Atos falhos
Pedro J. Bondaczuk
O erro é a coisa mais
democrática que existe no mundo, disse um pensador, cujo nome não
me lembro. Alguns são cometidos por falta de conhecimento, outros
por mau planejamento, outros ainda, por desleixo, etc. Os motivos
variam. Mas há os chamados "atos falhos". Ou seja, aqueles
cometidos quando a pessoa tem convicção de estar fazendo as coisas
de maneira certa, mas não está. Por uma dessas traições do
subconsciente, faz uma inadequada associação de ideias, com
resultados quase sempre desastrosos ou, no mínimo, constrangedores.
Em minha função de editor, trabalhando contra o relógio e com
escassa margem de tempo para raciocinar, às vezes dava desses
escorregões.
Como meu trabalho era público,
passava pelo crivo diário de milhares de leitores, quando havia
algum erro, este imediatamente ressaltava. Não havia como esconder.
E o constrangimento era enorme. Foi o que aconteceu em 2 de fevereiro
de 1995 com uma notícia sobre a morte do ator, cantor, bailarino e
diretor de cinema Gene Kelly. O filme que o celebrizou, entre tantos
que fez, foi "Cantando na Chuva". Trata-se de um clássico
de Hollywood. Assisti-o pelo menos vinte vezes, sempre com o mesmo
interesse, já que é uma verdadeira obra-prima da Sétima Arte.
Tenho-o em casa, gravado em vídeo, e de vez em quando torno a
assisti-lo.
Pois bem, quando Gene Kelly
morreu, eu quis fazer uma manchete diferente. Em vez de citar seu
nome, como todos fazem em caso de notícias de morte, pensei em
mencionar o trabalho que marcou a sua trajetória na vida artística.

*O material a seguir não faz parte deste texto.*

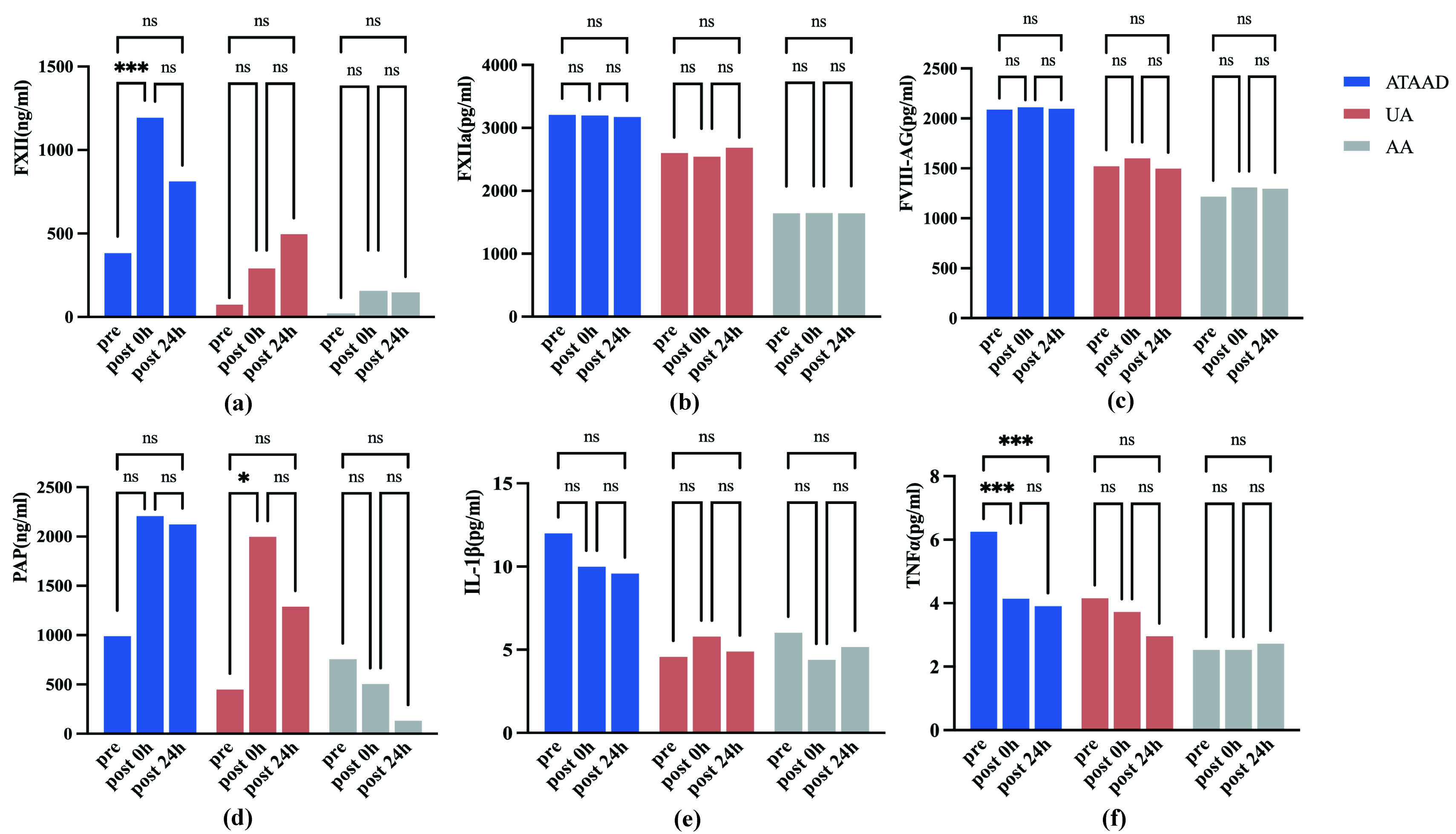 The effects of the different groups and phases on the concentrations of FXII, FXIIa, FVIII-Ag, and PAP are presented in Fig. 1. Preoperatively (immediately prior to anesthesia induction), compared with those in the other two groups, patients with ATAAD presented with significantly higher levels of FXIIa (p = 0.014 and p

Lembro-me que foi em uma sexta-feira, dia bastante atribulado em
qualquer redação de jornal. Minha edição estava atrasada e já
havia cobranças para que eu liberasse a página. Na hora da
titulação, não tive dúvidas. Manchetei: "Morre o bailarino
de 'Dançando na chuva'". Claro que estava errado. Fui traído
por um ato falho, em uma informação que conhecia de sobejo, em cada
detalhe.
Como se tratava de um
dançarino, aquele que ao lado de Fred Astaire popularizou no mundo
todo a dança popular, meu subconsciente se deixou levar por isso.
Bastava que eu me lembrasse da trilha sonora, "Singing in the
rain", para que colocasse o nome correto do filme em minha
manchete. E este, sem dúvida, é "Cantando na chuva". Foi
uma das grandes frustrações da minha carreira de editor, embora
cada erro fosse como que uma ferida no ego e, consequentemente, no
prestígio.
Mas não é somente na vida
profissional que os atos falhos acontecem. Na pessoal ocorrem até
com maior frequência. Tempos atrás, quando morava em São Caetano
do Sul, estava à procura de emprego para suplementar o salário que
recebia como radialista. Como trabalhava na madrugada, tinha todo o
período da tarde livre e achava um desperdício não preencher esse
tempo com uma atividade remunerada. Conversando com o pessoal da
Turma do Rapa --- sobre a qual já escrevi em uma das crônicas
anteriores --- o Zé Gordo disse que tinha um conhecido que ocupava
um alto cargo em uma empresa, que me poderia arranjar o trabalho que
eu estava procurando.
Conversa vai, conversa vem,
meu amigo descreveu-me o sujeito com o qual eu deveria falar. Disse,
entre outras coisas, que o tal conhecido seu tinha os dentes saltados
para fora e que se sentia complexado por isso. Era chamado pelas
costas de "Dentinho", apelido que abominava e o tirava do
sério. Lembro-me que o Zé Gordo ainda me recomendou: "Vê se
não o chama dessa forma, pois além de não conseguir o emprego, é
capaz de você receber ainda algumas bolachas".
"Claro que não! Não sou
burro!", respondi-lhe irritado. No dia combinado, apareci na
firma, um escritório de representações, à procura do tal sujeito.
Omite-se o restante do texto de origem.